Why is this interesting? D is a static, compiled, "system" language designed to be near the speed of C. PHP is a scripting language, similar to Perl, but built to make web coding easier.

And I agree with "retard" that if you rewrite something crappy (or even not so crappy), the new version will be better than the original. If you want your article to be taken seriously, you'll have to show code written in idiomatic PHP that benefits from being written in idiomatic D.
June 05, 2010
On 6/5/10, Jeff Nowakowski <jeff@dilacero.org> wrote:
> Why is this interesting? D is a static, compiled, "system" language designed to be near the speed of C. PHP is a scripting language, similar to Perl, but built to make web coding easier.

The reason I did the benchmarks was because I was talking to someone about it, and he said "yeah, php sucks, but isn't CGI really slow?" It isn't, not with D.

If you don't address request speed and scalability, nobody's going to listen to the other benefits. Opening with a statement like "200% faster" keeps their attention.

The biggest benefit, however, isn't running speed, but instead code maintainability.

> If you
> want your article to be taken seriously, you'll have to show code
> written in idiomatic PHP that benefits from being written in idiomatic D.

That's the plan. I'm hoping to write this up next weekend.
June 05, 2010
On 06/06/10 00:06, Adam Ruppe wrote:
> On 6/5/10, Jeff Nowakowski<jeff@dilacero.org>  wrote:
>> Why is this interesting? D is a static, compiled, "system" language
>> designed to be near the speed of C. PHP is a scripting language, similar
>> to Perl, but built to make web coding easier.
>
> The reason I did the benchmarks was because I was talking to someone
> about it, and he said "yeah, php sucks, but isn't CGI really slow?" It
> isn't, not with D.

It isn't anyway, at least not with fastcgi - take mod_php vs php in fcgi, fcgi is far *far* faster.

> If you don't address request speed and scalability, nobody's going to
> listen to the other benefits. Opening with a statement like "200%
> faster" keeps their attention.

That is a huge speed improvement, always a good opening statement!

> The biggest benefit, however, isn't running speed, but instead code
> maintainability.

Being the only two languages I'd call myself fluent in, I'd definitely call D easier to maintain than PHP... I guess this is easily debatable though.

>
>> If you
>> want your article to be taken seriously, you'll have to show code
>> written in idiomatic PHP that benefits from being written in idiomatic D.
>
> That's the plan.
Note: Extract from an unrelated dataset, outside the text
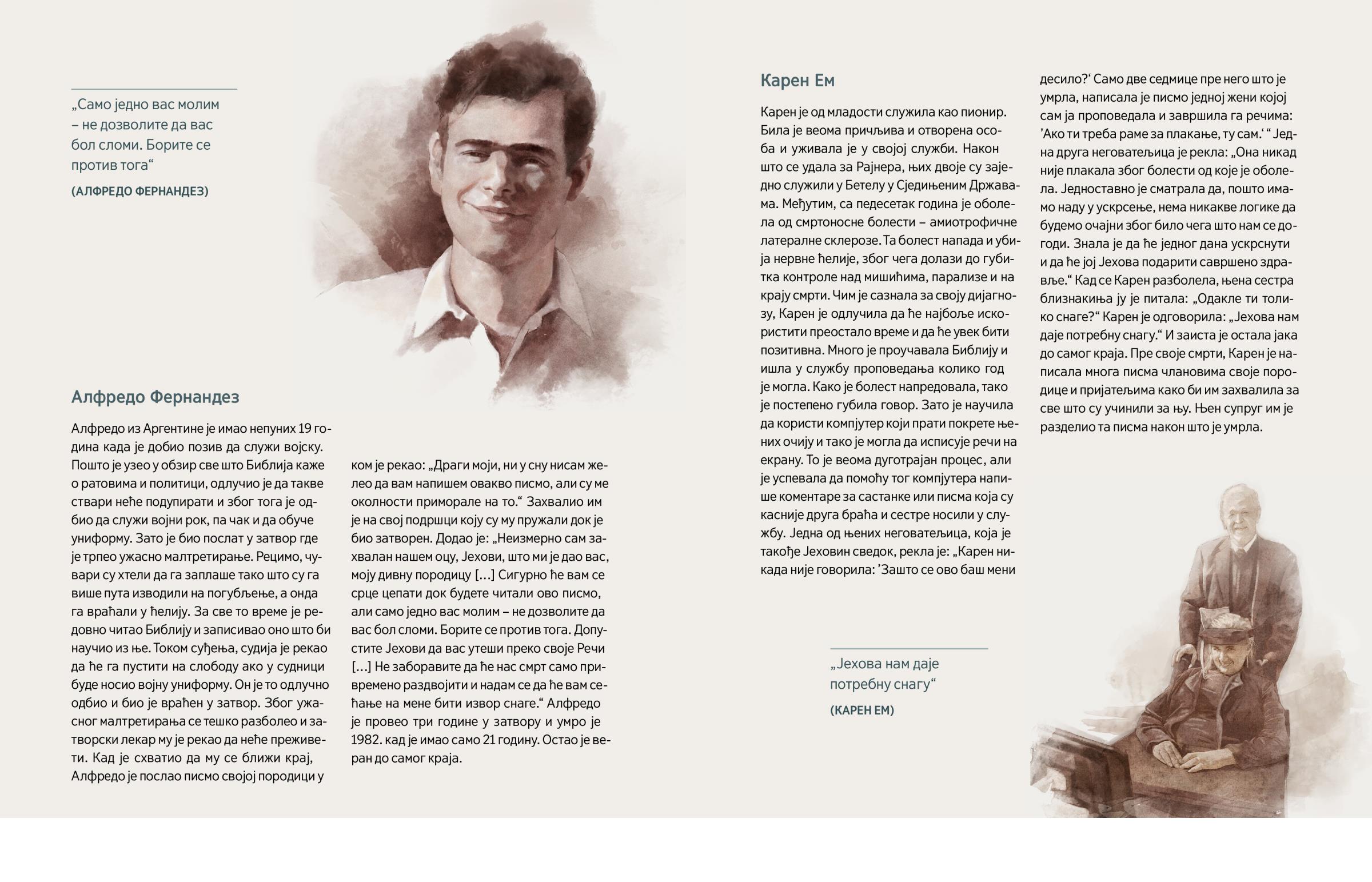 13 Замисли време кад ће на целој земљи владати мир и када ћемо дочекивати ускрснуле које Јехова чува у свом сећању. Међу њима ће бити и људи о којима смо причали у овој књизи, а и многи други. Они су у свету којим влада Сатана много пропатили, а можда и изгубили живот због своје вере у Јехову. Можеш ли да замислиш да се, када се пробуде у новом свету, кају због тога што су остали верни Јехови до краја? Наравно да не. А сад замисли себе како с њима радиш на томе да земља поново постане рај. Да ли ћеш се тада кајати због тога што си у овим последњим данима био храбар и верно служио Јехови јер га много волиш? Просто је немогуће то замислити. Зато буди храбар до самог краја јер ћеш бити срећан у сву вечност.

I'm hoping to write this up next weekend.

June 06, 2010
On 6/5/10, Robert Clipsham <robert@octarineparrot.com> wrote:
> It isn't anyway, at least not with fastcgi - take mod_php vs php in fcgi, fcgi is far *far* faster.
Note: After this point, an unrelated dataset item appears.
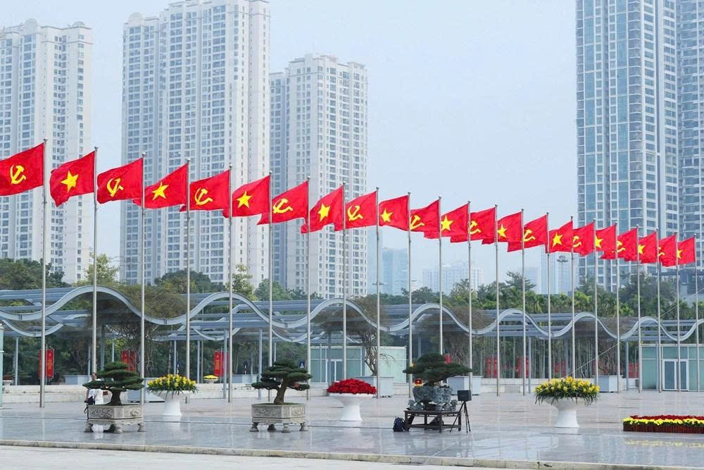 Trên các tuyến phố trung tâm, quảng trường và không gian công cộng, cờ Đảng, cờ Tổ quốc, băng rôn, pano, áp phích được trang hoàng trang trọng, tạo nên bức tranh rực rỡ sắc màu. Trong tiết trời đông Hà Nội, lòng người như ấm hơn bởi niềm tự hào và kì vọng hướng về Đại hội - dấu mốc mở ra chặng đường phát triển mới của đất nước trong kỷ nguyên vươn mình của dân tộc.

My numbers are all plain old vanilla CGI; fcgi would probably be better yet.

My hypothesis is that CGI gets its reputation because it has a relatively high start up cost, so it gets horrible numbers for hello world benchmarks. But, start up is a small percentage of a real world program's actual running time, so for most non-trivial programs, having faster code quickly erases CGI's initial deficit.
June 06, 2010
"Adam Ruppe" <destructionator@gmail.com> wrote in message news:mailman.111.1275779198.24349.digitalmars-d@puremagic.com...
> On 6/5/10, Jeff Nowakowski <jeff@dilacero.org> wrote:
>> Why is this interesting? D is a static, compiled, "system" language designed to be near the speed of C. PHP is a scripting language, similar to Perl, but built to make web coding easier.
>
> The reason I did the benchmarks was because I was talking to someone about it, and he said "yeah, php sucks, but isn't CGI really slow?" It isn't, not with D.
>

Yea, justified or not, it's a very prevailant belief in the web dev world that CGI == slow (since the whole process is reloaded on every request). In fact, until Adam mentioned his results, I had been wondering how CGI's overhead compared to the speed hit from using something like PHP (Of course, it probably depends on other things too, like Win vs Unix, Apache vs IIS, how much processing is actually done to generate the page, etc). And there's a lot of web devs and managers out there who would never even think to question their ingrained belief that CGI is slow. There's fastcgi, of course, but a lot of web devs (and managers) have never even heard of that.